Encore plus pour un EP dont la première track est consacrée à la folie de "Marilyn Manson", à qui il dédie ce premier titre et se paie même le luxe d’inviter l’artiste en question – qui a lui aussi sorti son nouvel album il y a deux semaines. Ce morceau fait ressortir toute l’esthétique glauque développée par le double M, et complète bien les couplets du rappeur, porté notamment par une excellente production.

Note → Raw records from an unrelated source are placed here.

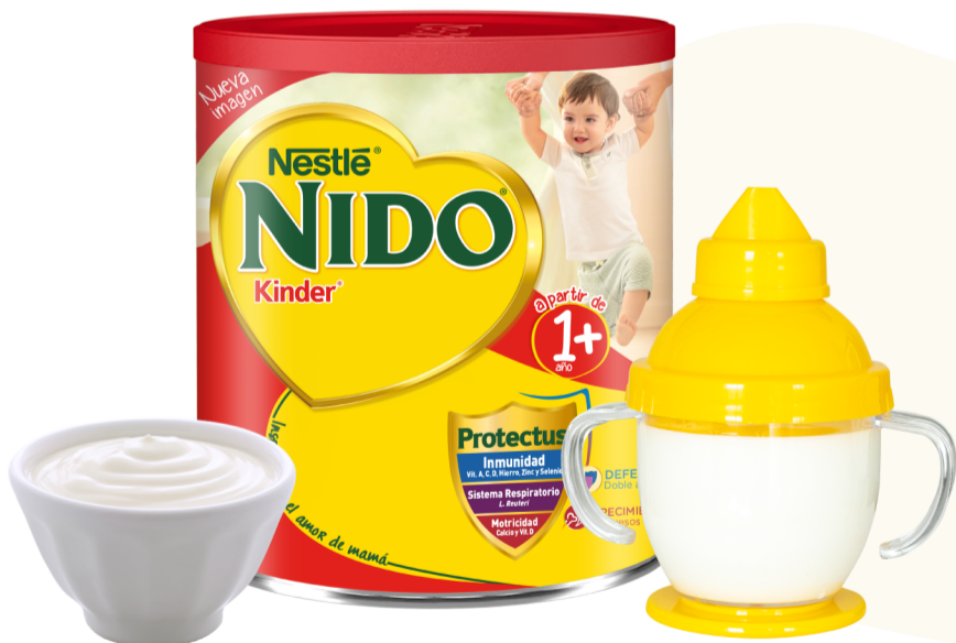
Inmunonutrientes y probióticos
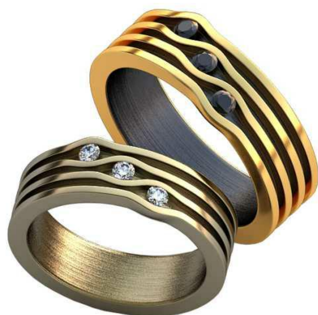
377ж/Р-15,7/Ш-5,4/Т-1,8/Кр 2.0-3шт./Вес-6,6 377м/Р-17,7/Ш-6,0/Т-2,0/Кр 2.0-3шт./Вес-9,1
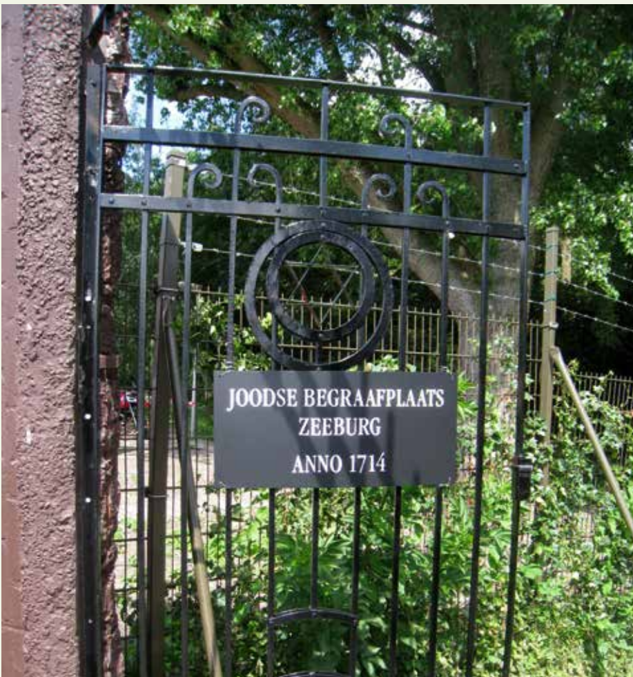
Poort van de joodse begraafplaats Zeeburg in Amsterdam, die nu wordt gerestaureerd.
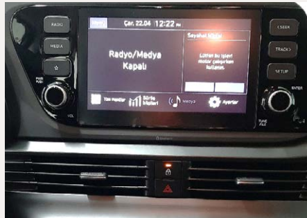
8"-os Display audio rendszer
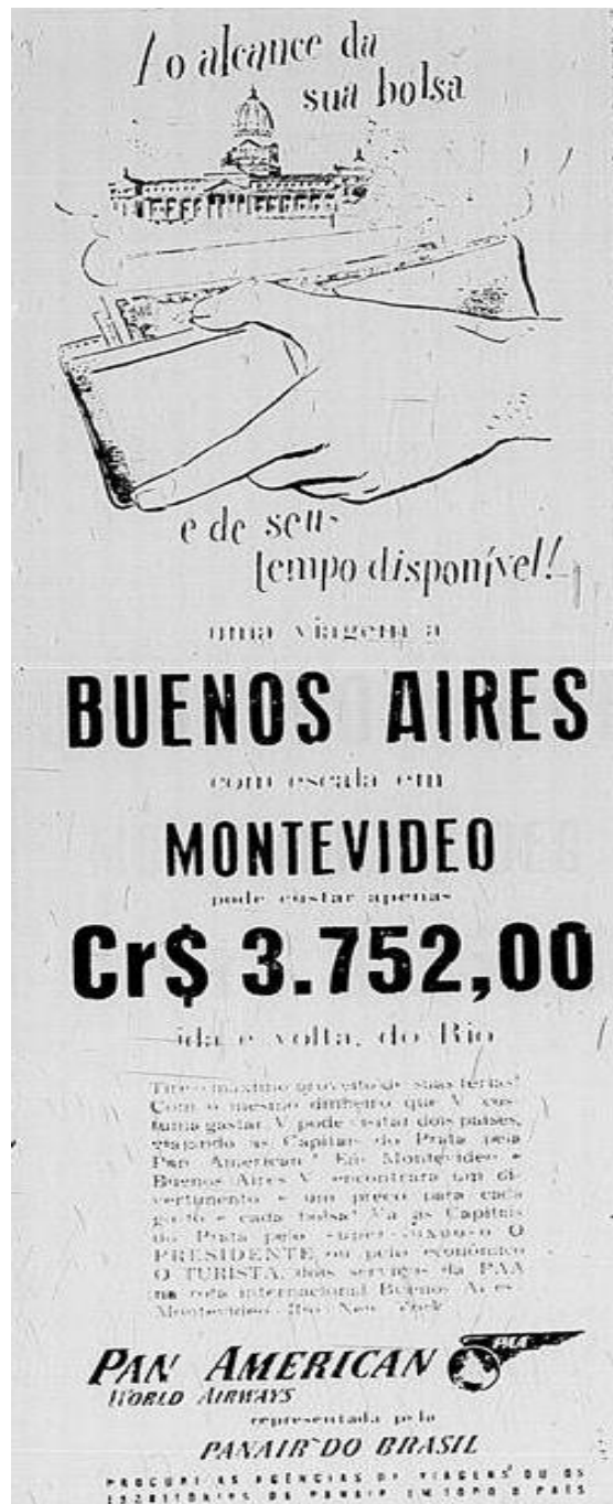
Figura 5: Anúncio de passagens para Buenos Aires. (1950)

Le second titre de la tracklist rend lui aussi hommage à une personnalité pour le moins excentrique : "Dennis Rodman". On retrouve tout de suite une ambiance bien différente, notamment grâce à la présence de Tyga. En résulte un tube entraînant au possible, d’ores et déjà doté d’un clip avec l’ancien joueur NBA en guest.

Ce morceau symbolise à lui seul le concept de Floor Seats II. Les bangers sont mis à l’honneur, avec des chansons comme conçues pour les boîtes de nuit et les soirées jusqu’à l’aube, à écouter idéalement sur un bon gros sound system. Il faut dire que le surpuissant et sombre premier single qu’était "Value", sorti il y a déjà sept mois, laissait présager cette direction artistique.

Mais le disque se fait surtout remarquer par ses collaborations réussies. Sur "No Ceilings", Lil Wayne démontre que le temps n’a que très peu d’emprise sur lui, tandis que le jeune Jay Gwuapo, lui aussi convié sur le titre, se distingue avec sa voix singulière. "Move Ya Hips", en compagnie de la superstar Nicki Minaj et de MadeinTYO – déjà présent sur le premier volume de Floor Seats –, est un autre moment fort de l’écoute, avec sa production angoissante digne d’un film d’horreur. Un sentiment renforcé par la sortie d’un clip inspiré en août dernier.

L’outro "Hectic" demeure également un des morceaux les plus intéressants, tant dans sa construction que dans son propos. A$AP Ferg y évoque l’ambiance pesante générée par la crise sanitaire et les drames sociaux que vivent les États-Unis ces derniers mois, avec une instrumentale oppressante. Diddy, légende absolue du rap de la East Coast que l’on connaît aussi sous le nom de Puff Daddy, Puffy ou P. Diddy – bref en gros Sean Combs à l’état civil –, y lâche seulement quelques réflexions et clôt le projet avec son discours fataliste, conseillant à tout le monde de "devenir trépidant".

Le symbole est fort. Reste maintenant à voir si A$AP Ferg décidera d’offrir un troisième volet à son concept pour capitaliser dessus, ou s’il reviendra avec un nouvel album à part entière pour cultiver un peu plus son profil d’artiste à part dans la vaste scène américaine.